In courses like precalculus and calculus I like to use functions involving fractional powers like $x^\frac{2}{3}$ and $x^\frac{7}{5}$. Occasionally that leads to the evaluation of expressions like $(-8)^\frac{2}{3}$. Of course, this is equal to $4$, but not all calculators are able to resolve this expression, unfortunately.

Graphing calculators like the TI-83 and TI-84 have no issues, and the TI-89 does not complain, provided that you have its complex format set to "real" instead of "rectangular".

However, I have found that basic calculators like the TI-30XIIS and TI-36 respond to this expression with domain errors.

Most curiously, these basic calculators can evaluate expressions with composite powers like $((-8)^\frac{1}{3})^2$ and $((-8)^2)^\frac{1}{3}$. In fact, they seem to be able to handle negative numbers to the power of $\frac{1}{n}$ (of course, provided that $n$ is odd).

This leaves me with a few questions...

  1. Is there any workaround for this other than telling me students to (a) understand rational exponents more thoroughly, (b) buy a better calculator, or (c) break every fractional exponent into repeated powers?
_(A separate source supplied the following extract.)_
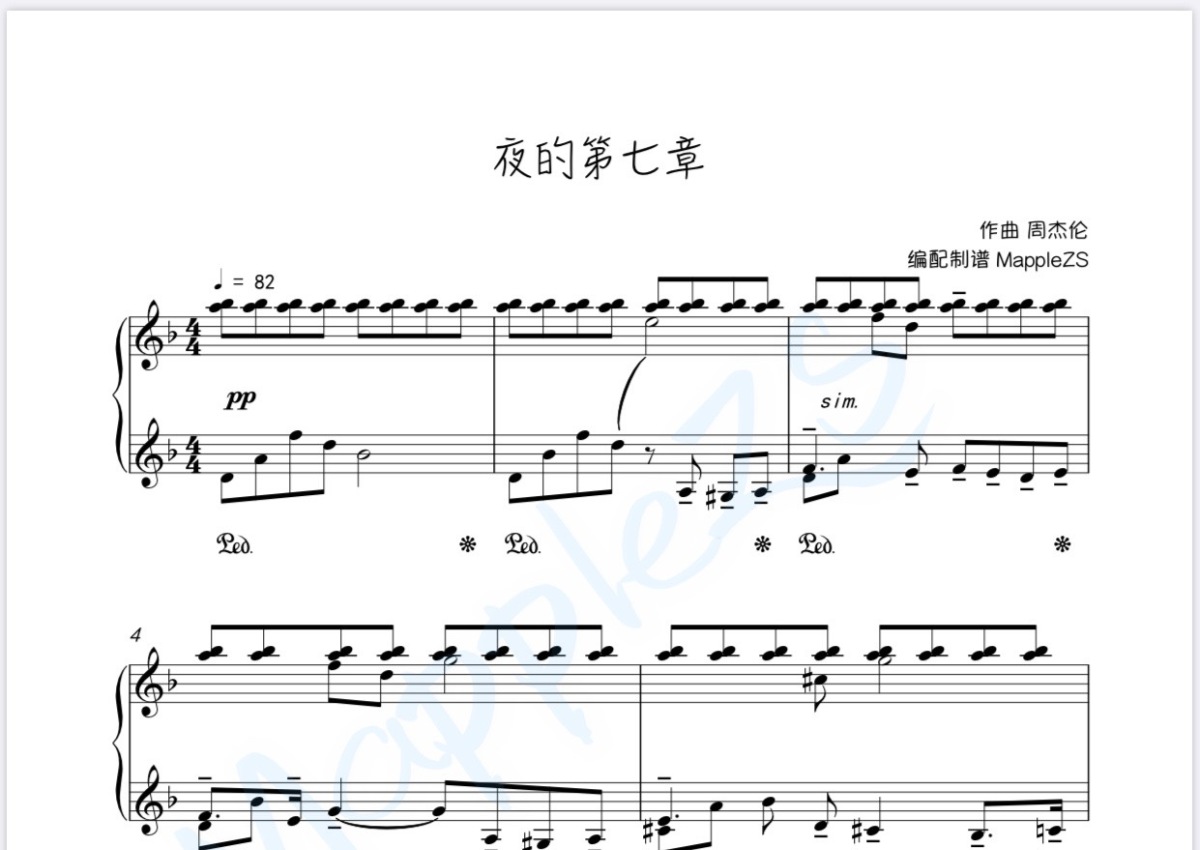 《夜的第七章》是周杰伦演唱的一首歌曲,这份钢琴谱共有八张高清图谱,图谱由 @上善若水 编配上传,使用这份夜的第七章钢琴谱,可以让你更加方便地掌握这首歌曲的演奏技巧,快来尝试吧。

  2. What is it about the TI-30XIIS that allows it to evaluate the decomposed expressions but not the original? I've heard it said that it uses logarithms to handle rational exponents, so that might explain why the first expression ran into issues--but that does not explain why the decomposed expressions were ok! (Maybe they're coded differently?)

Any insight that anyone can provide would be much appreciated! (Also, I'm not sure if this question is appropriate here, or if it should be migrated to math.stackexchange.)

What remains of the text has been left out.